Living in the south west of France, we get a good number of thunderstorms, but no where near the compulsory installation of lighting protection (MOVs)
For the last 6 years I've been building up a home monitoring and control system, which has spawned and grown in a largely orderly manner. Well, it all went south on Sunday when the church got hit. The church is about 300m away, but the rumble was not coincident with the flash.
The router failed, and below is the component count that also failed. Not sure fail is the right word. Toasted, murdered?



The 12V to 5 & 3.3V regulator is the most spectacular in terms of visible damage (middle left). The bulk of items just didnt work. 1 microcontroler was fine, but the serial port that sends data was fried.
The fuses were largely useless and the semiconductors failed to protect a bunch of them.

I particularly like this damage



This the underside of a relay. The relay switches mains with 5V, and was at the furthest point in the house. The melted blobs are the protection diode. Looks like the lightning jumped live to 0V.

This is mission control with the PCBs removed showing the splash marks



The 2 PCBs at the top didnt show any damaged but were fried. Main CPU and input/output protection (!)
The PCB middle right was not in use, but I would think it's toast as it was powered. Bottom left was in the process of being removed but was providing a reference voltage off a mains toroid. The toroid seems to have failed but all the electronics is ok.

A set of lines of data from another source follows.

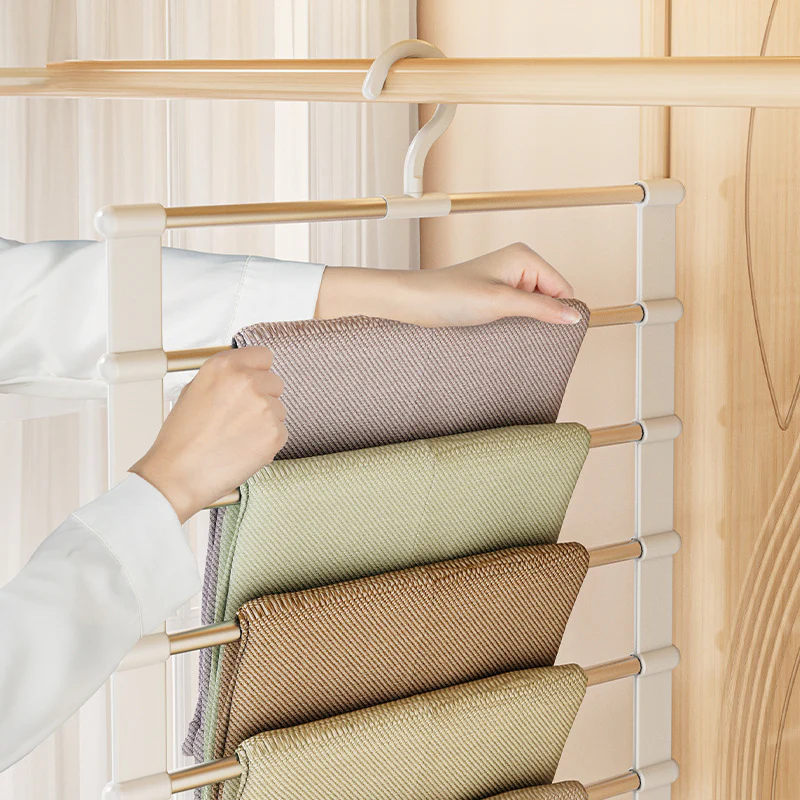 Designed to bring seamless organization to your closet, this multi-bar hanger combines smooth stainless steel bars with a sturdy, space-saving frame. The integrated hook ensures effortless hanging, while the sleek design keeps your wardrobe streamlined and accessible.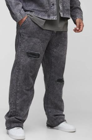 Plus lockere zerrissene Hose mit Acid-Waschung - Grau - XXXL, Grau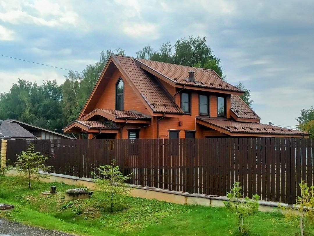 На монолитной плите дом из КЛЕЕНОГО БРУСА, на крыше металлочерепица.

In terms of what survived on the same RCD (which tripped) was the washing machine, HIFI & TV. The other 3 RCDs didnt trip (even ones with outside sockets which often trip during storms)
A un-powered webcam off 12V was OK. Any Dallas 1 wire device that wasn't powered eg temperature sensors was ok. Anything on a long line (> 70m) was OK. A raspberry PI which I'd only had plugged in 2 days survived, being on a floating supply, and was on a cat 5 cable to the router. The rented router sort of survived and is still working (you tried buying a VDSL modem and getting change out of 75) The router has a weeny common mode choke on the 12V input and this failed in such a way that +12 was connected to pcb 0V and incoming 0V went nowhere. No MOVs have visibly blackened, but I'll change a bunch of them anyway.

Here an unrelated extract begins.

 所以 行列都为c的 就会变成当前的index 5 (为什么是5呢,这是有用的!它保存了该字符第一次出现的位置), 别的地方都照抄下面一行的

I think the damage was caused due to a spike on live arcing over to system 0V, which I hadn't realised was earthed. I avoid earth on DC supplies in my designs as it just creates problems with noise. And lightning. I'd needed a slightly odd system voltage (12.9V) so I modified a supply, but failed to check it was earthed; this happened in May and until then I'd been using a fully floating 12V supply, which might explain why I've been ok until now. The cables (~70m)  I have running out to external meters etc have parasitic earths, but seemingly have been ok in the past.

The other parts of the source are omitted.